Kegel Exercises For Women

Kegel Exercises For Women

Alternate Names

  • pelvic muscle strengthening exercises
  • incontinence exercises
  • pelvic floor muscle exercises
  • Female pelvic organs

Definition

Kegel exercises are designed to strengthen the pelvic floor muscles that surround the openings of the urethra, vagina and rectum.

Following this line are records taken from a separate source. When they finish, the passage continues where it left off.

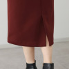 高めに設定されたウエスト切り替えとスカート部分に効かせたステッチが縦のラインを強調し、すっきりとした印象を演出。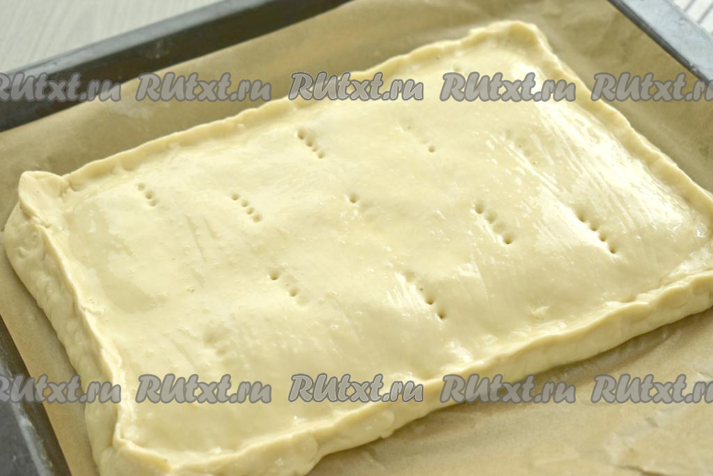На поверхности пирога делаем вилкой проколы (проколы нужны для того, чтобы выходил пар в процессе выпечки). Оставляем пирог из слоёного дрожжевого теста для расстойки минут на 20. По прошествии этого времени в небольшой ёмкости сырое яйцо взбалтываем вилкой до однородности, получившейся яичной смесью смазываем поверхность пирога.
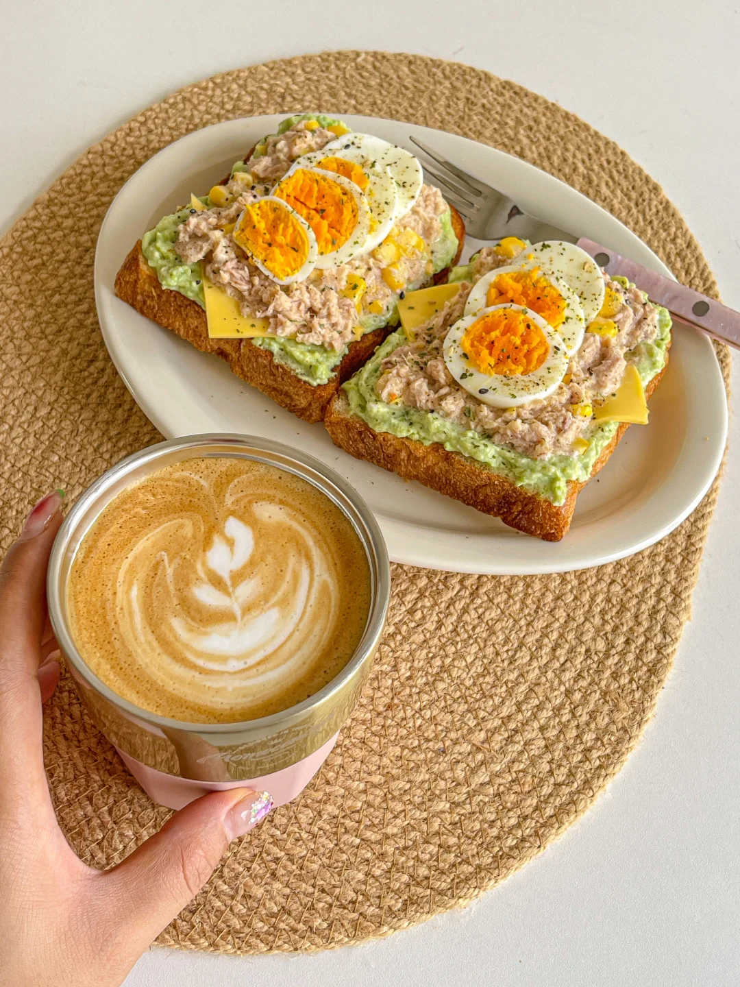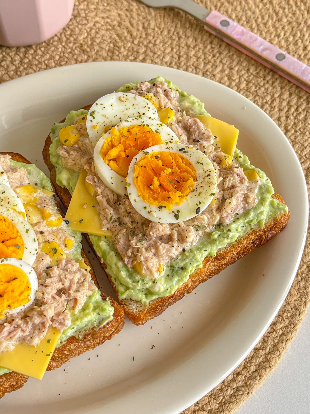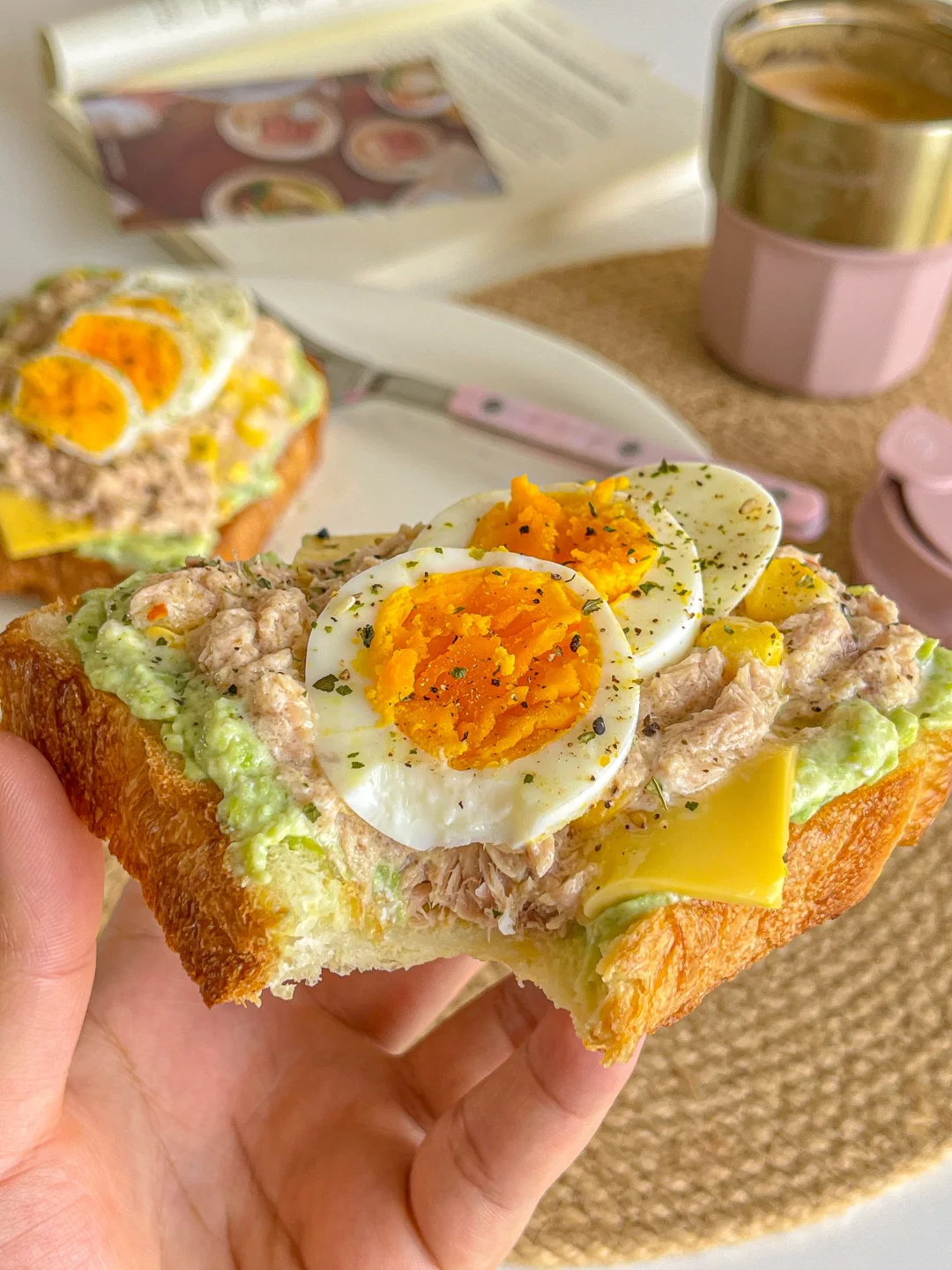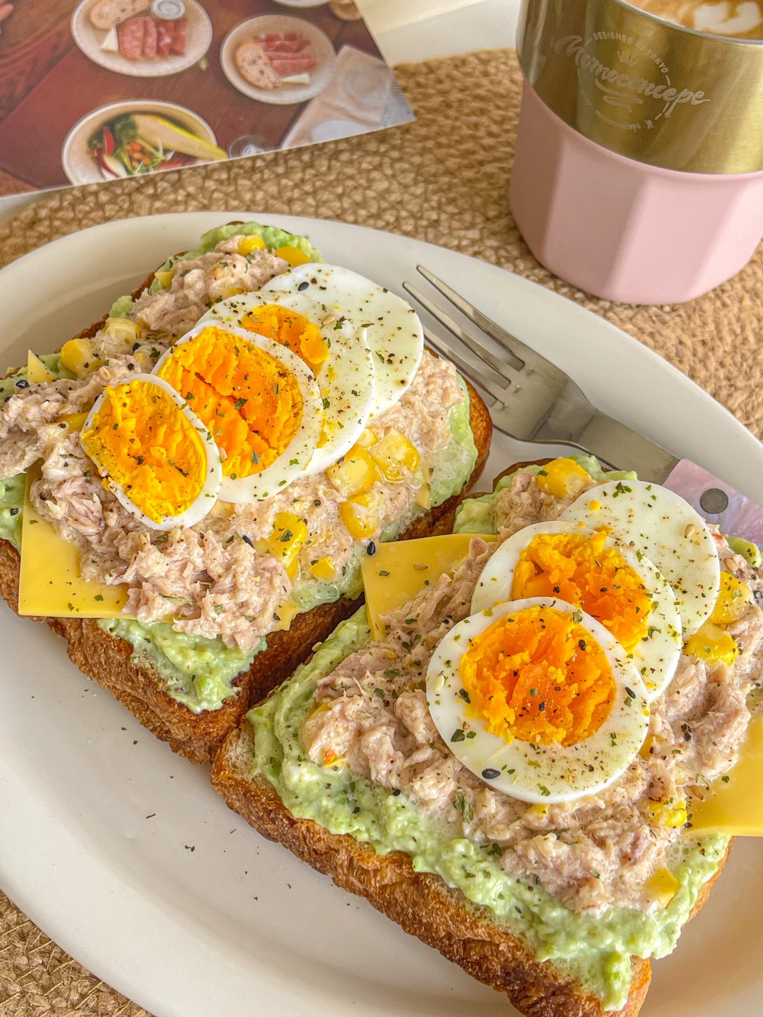 吐司➕牛油果➕奶酪➕芝士片➕金枪鱼➕玉米➕低卡蛋黄酱➕黑椒海盐➕鸡蛋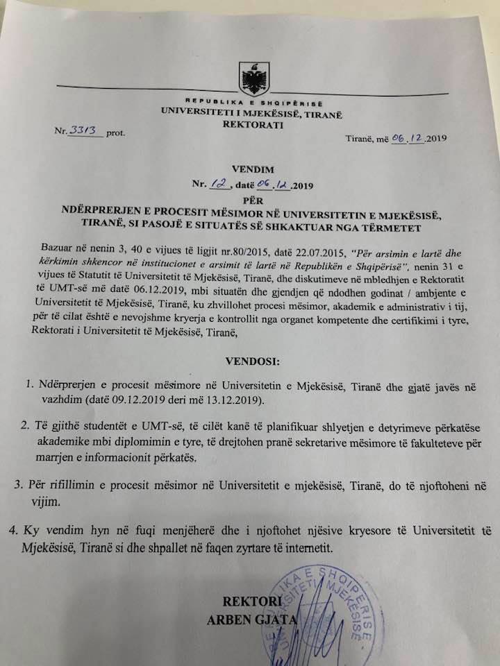 Vendimi u mor për shkak të situatës dhe gjendjes ku ndodhen godinat e UMT pas tërmetit të 26 nëntorit.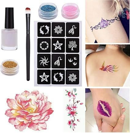 Amazon Com Elevin Tm Glitter Tattoo Powder Temporary Tattoo Body
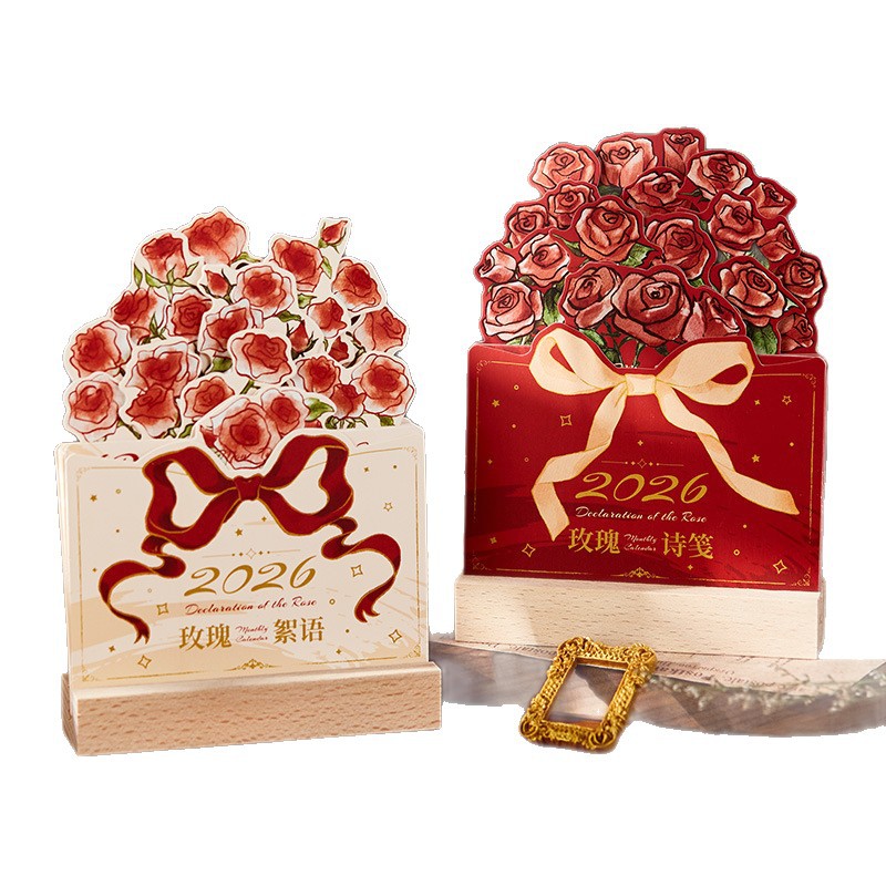2026玫瑰立体台历浪漫木质桌面日历摆件创意礼物伴手礼月历浪漫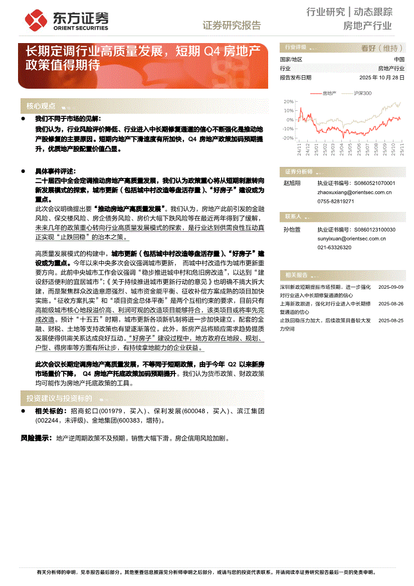 房地产行业:东方证券-房地产行业动态跟踪:长期定调行业高质量发展,短期Q4房地产政策值得期待-251028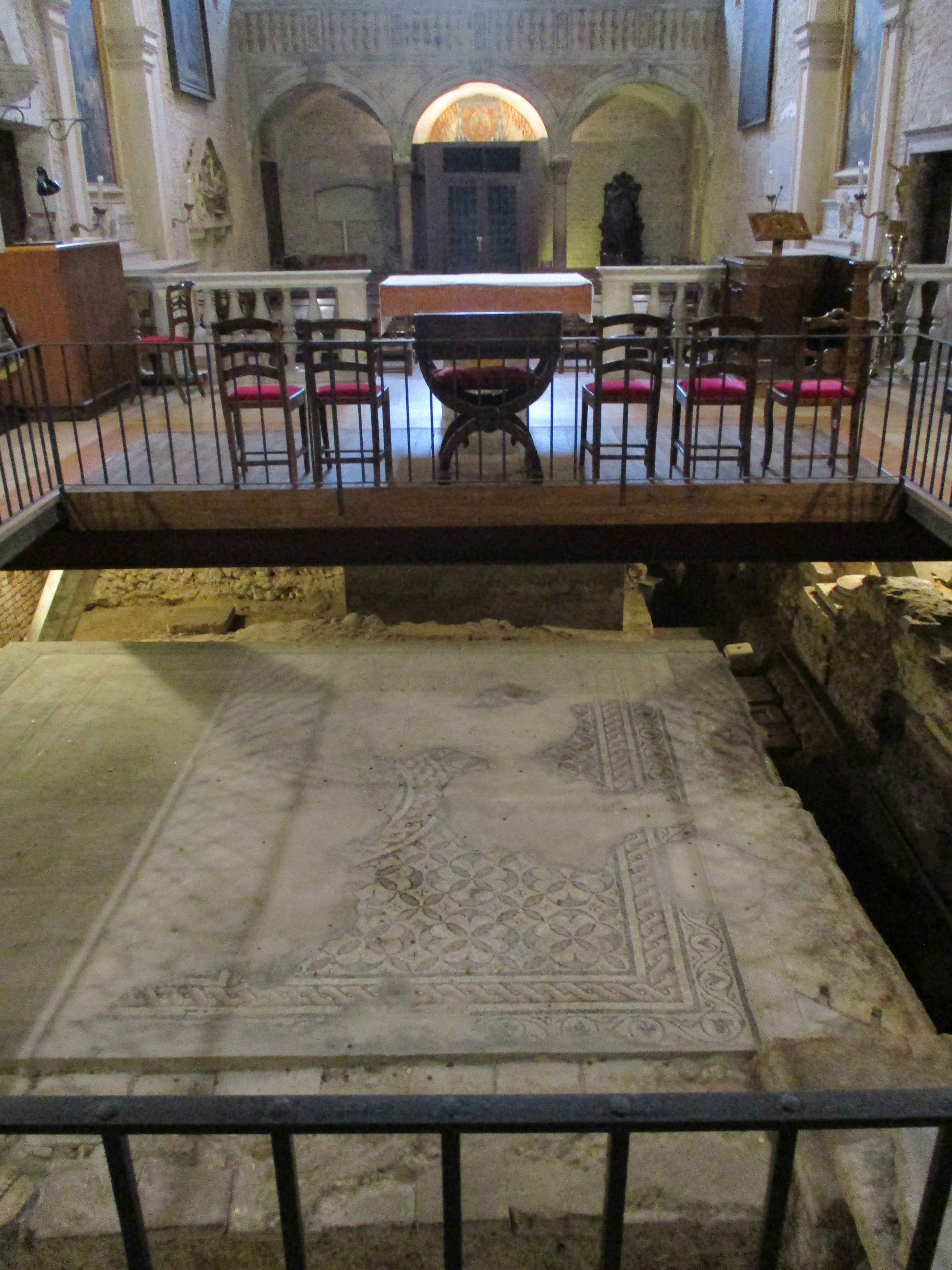 Dédiée aux saints Fermo et Rustico, dont les reliques auraient été placées sous l’autel de l’église paléochrétienne du Vème siècle. Les fondations de ce premier bâtiment sont d’ailleurs encore visibles en sous-sol, et sont vraiment impressionnantes : personnellement, nous n’avons pas l’habitude de pouvoir admirer des fresques médiévales aussi anciennes, surtout sans aucune protection vitrée. Du XIème siècle à 1350 ont eu lieu des travaux destinés à donner à l’église sa forme actuelle, avec campanile, cloître et église supérieure et inférieure.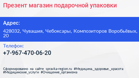 Презент, магазин подарочной упаковки по адресу 428032, Чувашия, Чебоксары, Композиторов Воробьёвых, 20 в дальнейшем Организация, размещена в следующих категориях: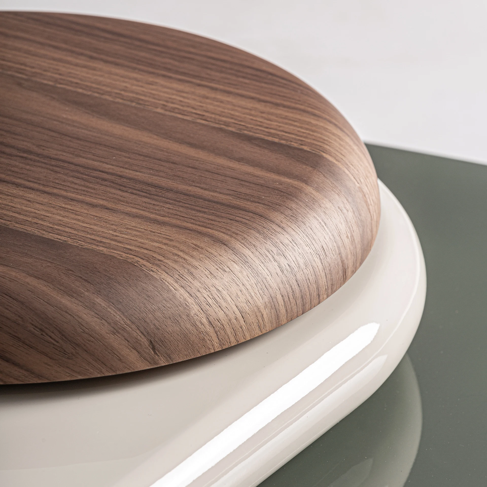 Masa de cafea Proaza, stil contemporan, realizata din lemn MDF vopsit verde cu finisaj lucios, combinata cu furnir nuc maro cu finisaj lucios.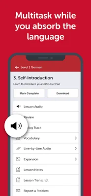 The app offers a 7-day free trial of any language course, as well as new audio and video lessons every week for life. It also has an offline mode, daily vocabulary lessons, and multiple playback options. For Basic users and above, there is a large library of audio and video lessons, in-depth lesson notes, and progress tools. Premium users and above also have access to line-by-line breakdowns of lesson dialogues, a word bank to create a custom vocabulary list, and the option for 1-on-1 learning with a personal teacher.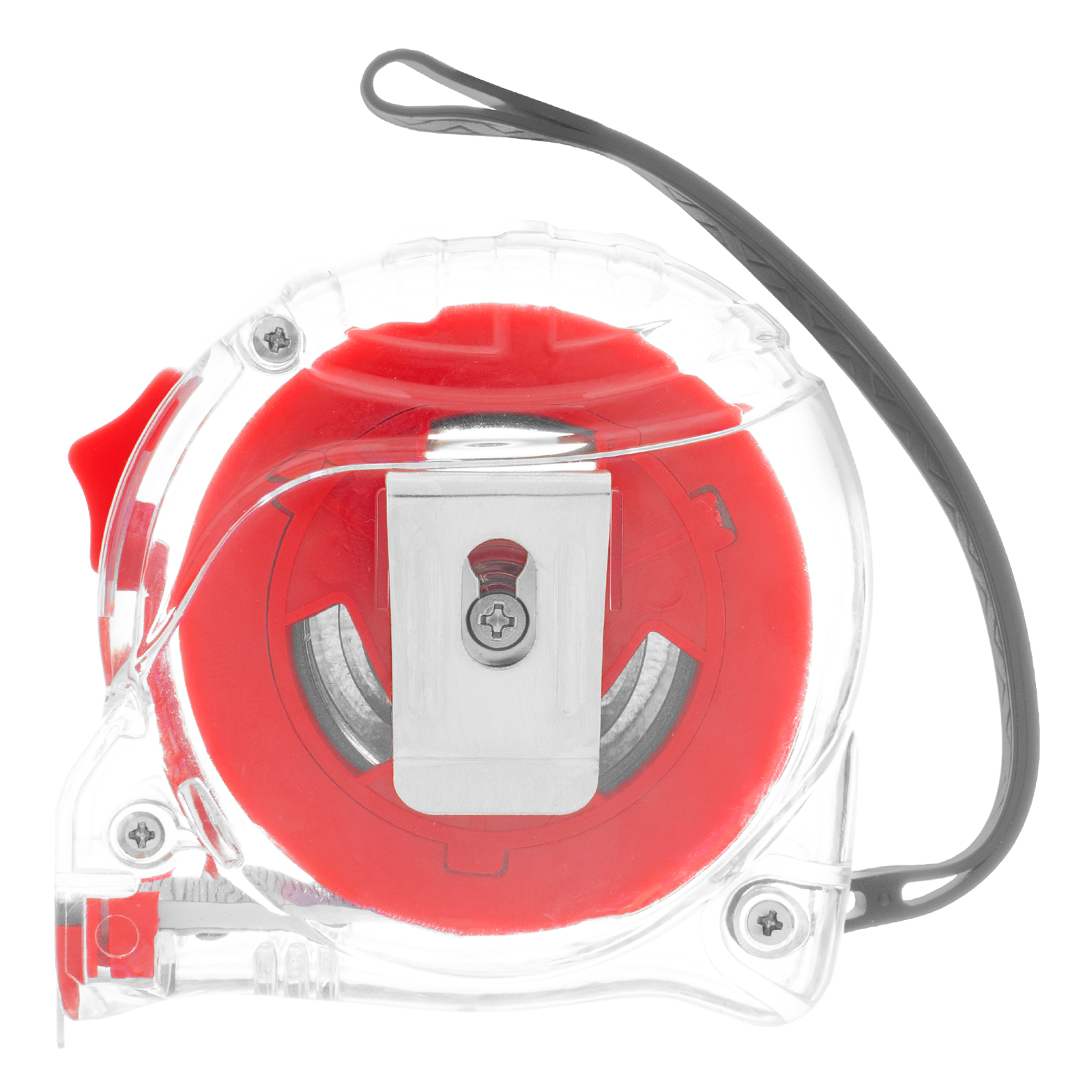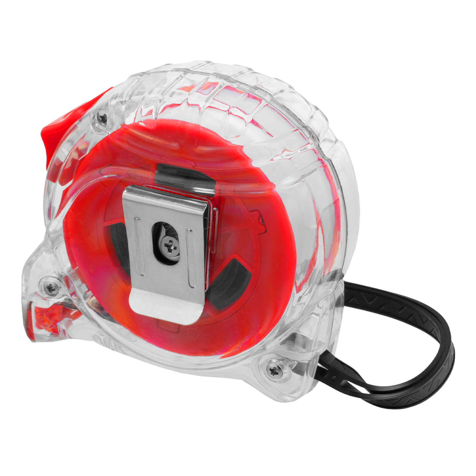 - Комфортная транспортировка — нейлоновый ремешок позволяет подвешивать рулетку на запястье, при помощи клипсы-зажима ее можно зафиксировать на поясе.

What is the information for this topic?

Often, seemingly simple body functions can be quite complex. One example of this is urination, which is controlled only if a series of physical and behavioral dominoes fall into place each time a person needs to urinate.
The bladder has muscles that let it expand to hold urine arriving from the kidneys. When the bladder is full, nerves signal the need to urinate. If there is no appropriate place to do so, the brain overrides this signal.
Muscles within the bladder that help squeeze it must stay relaxed to prevent urination. When conditions are right, these muscles tighten and urine starts to flow.
Damage to the pelvic floor muscles that help support the uterus, bladder, urethra and rectum can allow those body parts to sag. Pelvic muscles are most often damaged or weakened by childbirth and aging. As the problem worsens, incontinence can occur.
Pelvic exams can determine if there is:
  • a cystocele, which is a weakened muscle between vagina and bladder
  • a rectocele, or a weakened muscle between vagina and rectum
  • a prolasped uterus
  • urinary stress incontinence, which is the loss of urine when a person sneezes, coughs, or laughs
Kegel exercises can be used for the urinary stress incontinence condition. The exercises can also enhance sexual pleasure.
After childbirth, the exercises promote strengthening of the perinium. The perineum is the area between the vagina and rectum that is sometimes is cut or torn during childbirth.
Because weak pelvic floor muscles contribute to incontinence, exercises to strengthen these muscles may lessen or sometimes prevent incontinence.
To do Kegel's exercises, a woman squeezes or tightens the vaginal muscles normally used to stop urination. This is accomplished by tightening the buttocks (gluteus maximus muscles) and pulling the perineum up toward the abdomen. This is also called "core training".
Some women have poor sensation in the lower pelvis. They may incorrectly contract their abdominal muscles instead of their pelvic floor muscles. To find the right muscles, a woman can try one or more of these approaches:
  • Ask a healthcare provider to help by inserting two fingers into the vagina during a pelvic exam. Squeeze down on the fingers. The provider can tell when the muscles are tightening properly.
  • Place two fingers inside the vagina. Squeeze down. Pressure should then be felt on the two fingers.
Repeat the chosen approach several times until the feel of squeezing and releasing the right muscles is familiar.
Urinary reflux can result from multiple times of holding urine. To do Kegel exercises:
  • Empty the bladder.
  • Tighten the pelvic muscles for 10 seconds.
  • Relax the muscles for 10 seconds.
  • Repeat this sequence a total of 20 times, at least 5 times a day.
Do not overdo it, though. Tiring the muscles may make incontinence worse.
  • Do not contract abdominal, thigh, leg or buttocks muscles while doing the exercises. This makes them less effective.
  • Keep breathing during the exercises. Learn to relax while doing the exercises and concentrate on isolating the right muscles.
A woman can ask a healthcare provider about using special weighted vaginal cones or balloons inside the vagina. Working to hold the weights inside can also help isolate and strengthen pelvic floor muscles.

And if none of these steps work, a woman can seek further help from a healthcare provider. The provider may suggest electrical stimulation of the correct muscles if the muscles cannot be identified in any other way. Electrical stimulation can be done in the office by the healthcare provider or with a home unit. Electrical stimulation is usually performed daily, for 15 to 20 minutes.

When Kegel's exercises are done 15-20 times per day, 15 to 30 percent (15% to 30%) of women with stress incontinence report satisfactory improvement. Another 30 to 40 percent (30% to 40%) find that symptoms get somewhat better.
After doing Kegel's exercises regularly for at least six weeks, a woman can expect to see some improvement.
Just as occasional sit-ups will not give a woman a flat stomach, occasional Kegel's exercises will not cure incontinence. If incontinence does not get better with regular exercise, options such as weight loss, medicine or surgery may be necessary.